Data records
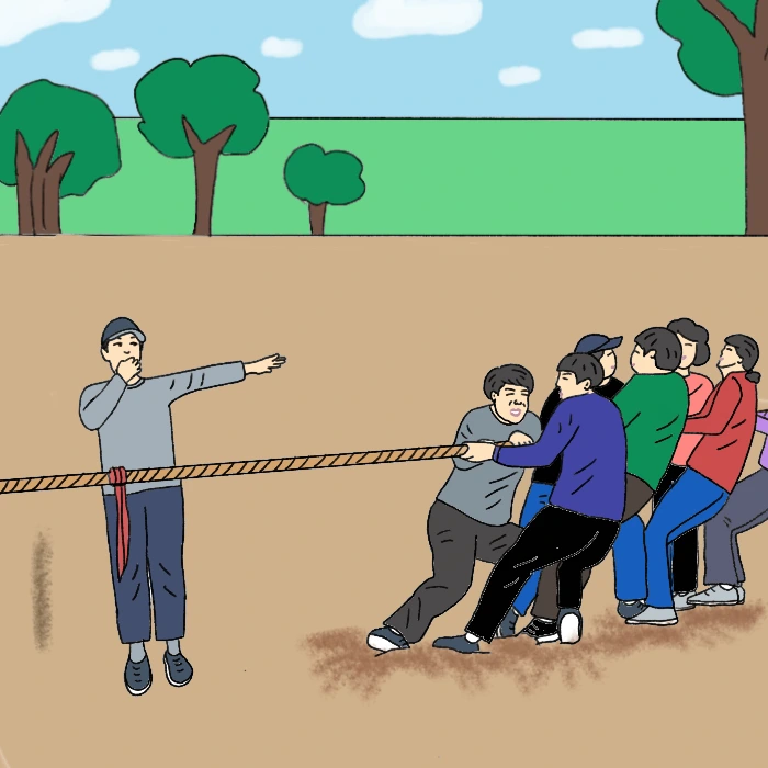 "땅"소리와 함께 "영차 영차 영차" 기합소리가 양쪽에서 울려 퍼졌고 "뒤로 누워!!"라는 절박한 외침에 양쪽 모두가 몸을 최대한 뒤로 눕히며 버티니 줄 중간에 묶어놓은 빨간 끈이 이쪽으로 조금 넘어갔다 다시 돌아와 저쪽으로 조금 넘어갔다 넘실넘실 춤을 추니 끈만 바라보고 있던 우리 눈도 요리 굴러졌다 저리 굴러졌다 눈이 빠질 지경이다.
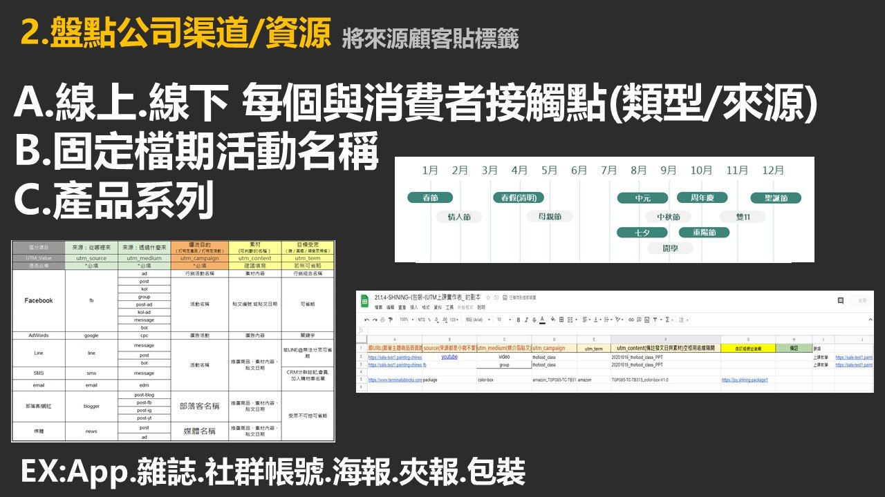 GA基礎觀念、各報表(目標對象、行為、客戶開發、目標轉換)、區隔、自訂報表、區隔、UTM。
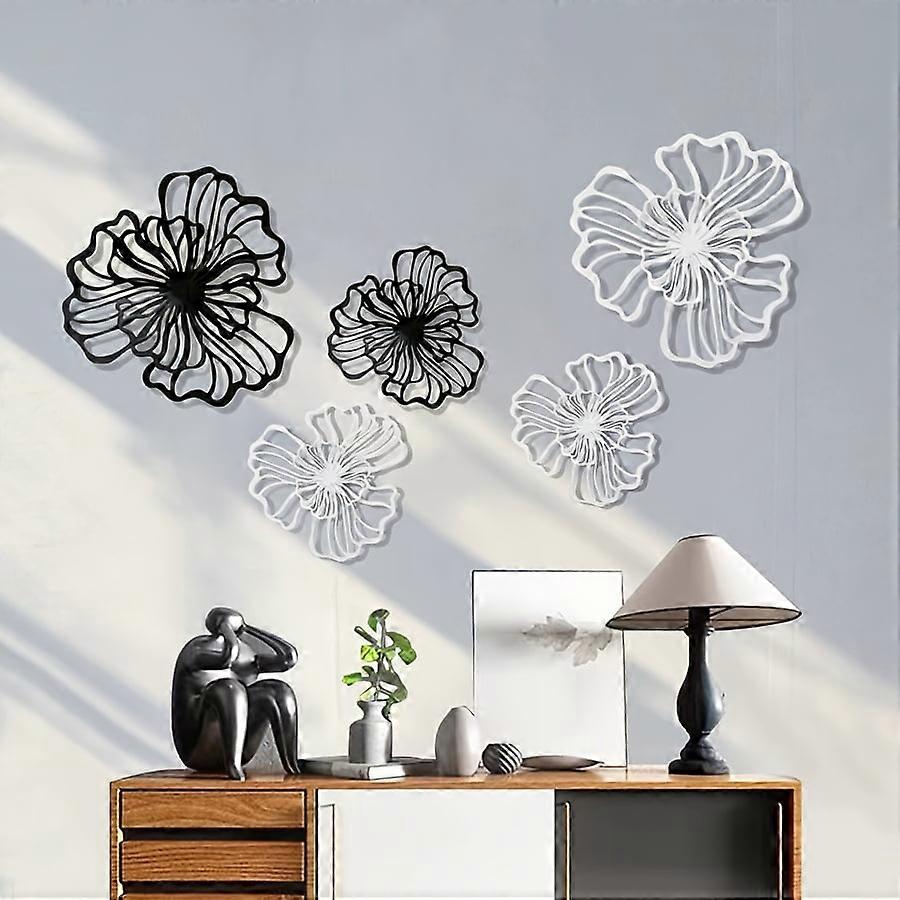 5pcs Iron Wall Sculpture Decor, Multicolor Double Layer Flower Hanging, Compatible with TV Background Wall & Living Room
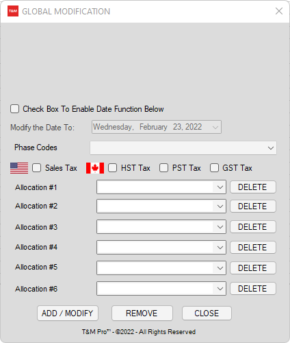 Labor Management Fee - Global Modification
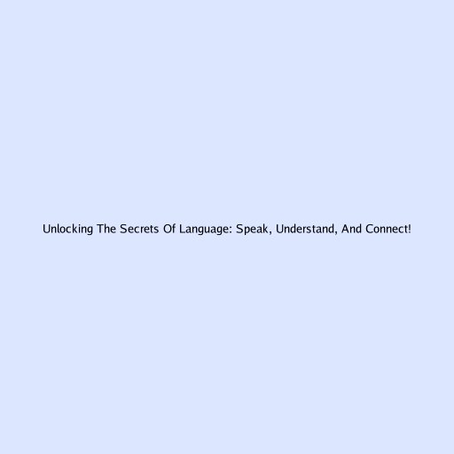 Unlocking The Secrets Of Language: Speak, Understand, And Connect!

Task to carry out
Return all the data above as written, leaving out only the pictures.

Solution below
 "땅"소리와 함께 "영차 영차 영차" 기합소리가 양쪽에서 울려 퍼졌고 "뒤로 누워!!"라는 절박한 외침에 양쪽 모두가 몸을 최대한 뒤로 눕히며 버티니 줄 중간에 묶어놓은 빨간 끈이 이쪽으로 조금 넘어갔다 다시 돌아와 저쪽으로 조금 넘어갔다 넘실넘실 춤을 추니 끈만 바라보고 있던 우리 눈도 요리 굴러졌다 저리 굴러졌다 눈이 빠질 지경이다.
 GA基礎觀念、各報表(目標對象、行為、客戶開發、目標轉換)、區隔、自訂報表、區隔、UTM。
 5pcs Iron Wall Sculpture Decor, Multicolor Double Layer Flower Hanging, Compatible with TV Background Wall & Living Room
 Labor Management Fee - Global Modification
 Unlocking The Secrets Of Language: Speak, Understand, And Connect!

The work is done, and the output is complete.